Prof. Dr. Anne S. Ulrich holds the Chair of Biochemistry in the university section of KIT (Institute of Organic Chemistry, Campus South), and is head of the Department of Molecular Biophysics at the Institute of Biological Interfaces (IBG-2, Campus North) in the Helmholtz section. Our group runs facilities for solid-state NMR, synchrotron circular dichroism and other biophysical methods, as well as laboratories for peptide synthesis, protein biochemistry and microbiology. Our research activities are embedded in the Helmholtz programme BIF-TM (BioInterfaces in Technology and Medicine), where they are concerned with the development of "molecular tools for manipulating cells" and the "control and manipulation of bacterial biofilms". In teaching, we contribute mainly to the Bachelor and Master curriculum in Chemical Biology, but also to undergraduate courses in Chemistry and Biology.
Our specific research interests are focussed on biomembranes, which form a hydrophobic barrier around every cell.

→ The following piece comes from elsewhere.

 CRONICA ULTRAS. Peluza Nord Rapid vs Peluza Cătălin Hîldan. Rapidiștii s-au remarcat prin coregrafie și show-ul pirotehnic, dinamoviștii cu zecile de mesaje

Our aim is to (i) characterize the molecular architectures involved in peptide-induced membrane permeabilization events, and (ii) to describe protein machineries that are responsible for the transport of material and information across membranes. This requires biophysical studies on protein-lipid interactions of amphiphilic peptides, and on the folding and self-assembly of transmembrane proteins. On this basis, we are rationally designing new and improved molecules to be used as leads for drug development and in biotechnological applications.

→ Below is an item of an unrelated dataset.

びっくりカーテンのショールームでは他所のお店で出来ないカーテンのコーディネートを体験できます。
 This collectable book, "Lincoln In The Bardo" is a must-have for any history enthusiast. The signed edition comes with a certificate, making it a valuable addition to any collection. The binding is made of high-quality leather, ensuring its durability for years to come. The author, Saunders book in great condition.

So far, we have characterized the structural behaviour of numerous membrane-bound antimicrobial peptides, biofilm-inducing agents, cell penetrating and fusogenic sequences, as well as signalling receptors and protein export machineries. For example, a set of fundamental rules was obtained, which govern the formation of stable transmembrane pores in lipid bilayers, both in terms of peptide features and lipid properties. We also discovered "charge zippers" as a novel structural motif in membrane proteins. This mode of electrostatic assembly can explain the detailed functional mechanisms, e.g., of transmembrane proton conduction by a bacterial stress response peptide, and of protein translocation through an export channel.
Method development includes the specific 19F-labelling of synthetic peptides and recombinant peptides for highly sensitive NMR observation. Both, CD and solid-state NMR experiments are carried out on macroscopically oriented samples, which yield anisotropic parameters. CD is available not only on bench-top instruments, but also on our in-house beamline at the ANKA synchrotron, which we are operating as an international user facility. Fluorescence assays are used to monitor peptide-induced membrane fusion, the uptake of cell-penetrating peptides, and protein-protein interactions, supported by various other biophysical methods.
Further activities of the Ulrich department include, besides teaching and regular seminars (both, academic and public), also the organization of international conferences and annual retreats for young researchers, as well as a wide selection of training possibilites for PhD and master/bachelor students, research assistants, apprentices and highschool students.